The multi-slots allows preemption while holding the slot. It also allows
HP slots users to keep it longer without doing to refcount right away.
I even have a patch that dynamically adapts the scan depth (increase
by reader, decrease by synchronize, with an hysteresis) in my userspace
prototype. This splits the number of allocated slots from the scan
depth. But I keep that for later and will focus on the simple case
first (single HP slot, only used with irqoff).
Either way I recommend stress testing with just one normal slot to
increase the chance of conflict (and hence triggering corner cases)
during stress testing.
Good point.
+retry:
+ node = uatomic_load(node_p, CMM_RELAXED);
+ if (!node)
+ return false;
+ /* Use rseq to try setting current slot hp. Store B. */
+ if (rseq_load_cbne_store__ptr(RSEQ_MO_RELAXED, RSEQ_PERCPU_CPU_ID,
+ (intptr_t *) &slot->node, (intptr_t) NULL,
+ (intptr_t) node, cpu)) {
+ slot = &cpu_slots->slots[HPREF_EMERGENCY_SLOT];
+ use_refcount = true;
+ /*
+ * This may busy-wait for another reader using the
+ * emergency slot to transition to refcount.
+ */
+ caa_cpu_relax();
+ goto retry;
+ }
I'm not familiar with Linux' preemption model.
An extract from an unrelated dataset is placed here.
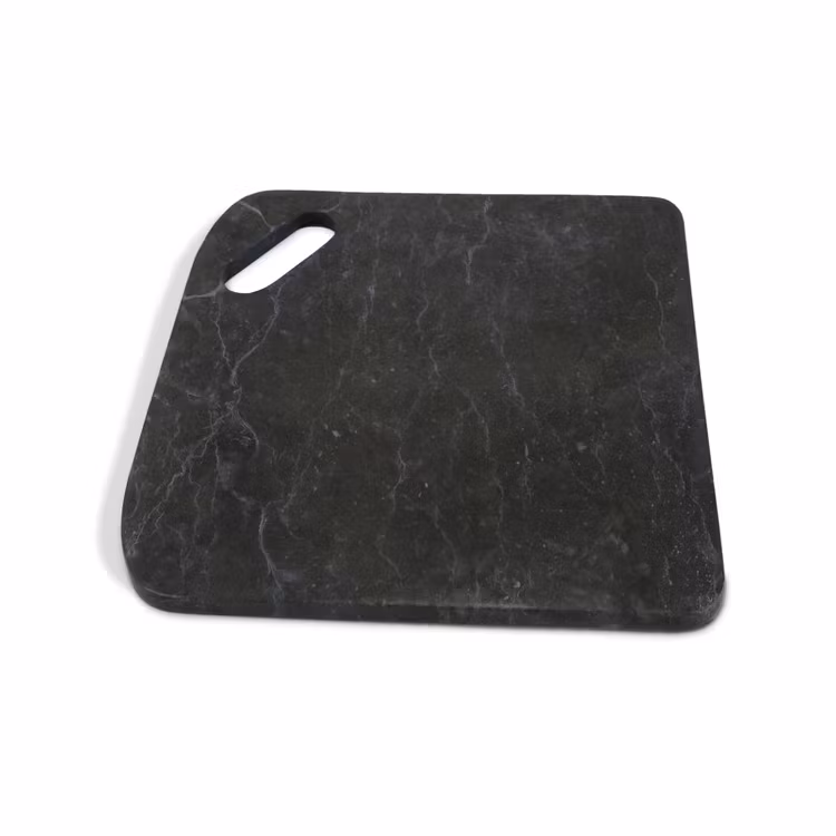 Vacker och rustik skärbräda av svart polerad marmor – en handgjord skärbräda som är perfekt också som uppläggningsfat för delikatesser, frukt och grönt.

Can this deadlock if a
low-interrupt-level thread is occupying the EMERGENCY slot and a
higher-interrupt-level thread is also trying to take it?
This is a userspace prototype. This will behave similarly to a userspace
spinlock in that case, which is not great in terms of CPU usage, but
should eventually unblock the waiter, unless it has a RT priority that
really prevents any progress from the emergency slot owner.
On my TODO list, I have a bullet about integrating with sys_futex to
block on wait, wake up on slot release. I would then use the wait/wakeup
code based on sys_futex already present in liburcu.
Thanks!
Mathieu
Best wishes,
jonas
--
Mathieu Desnoyers
EfficiOS Inc.
https://www.efficios.com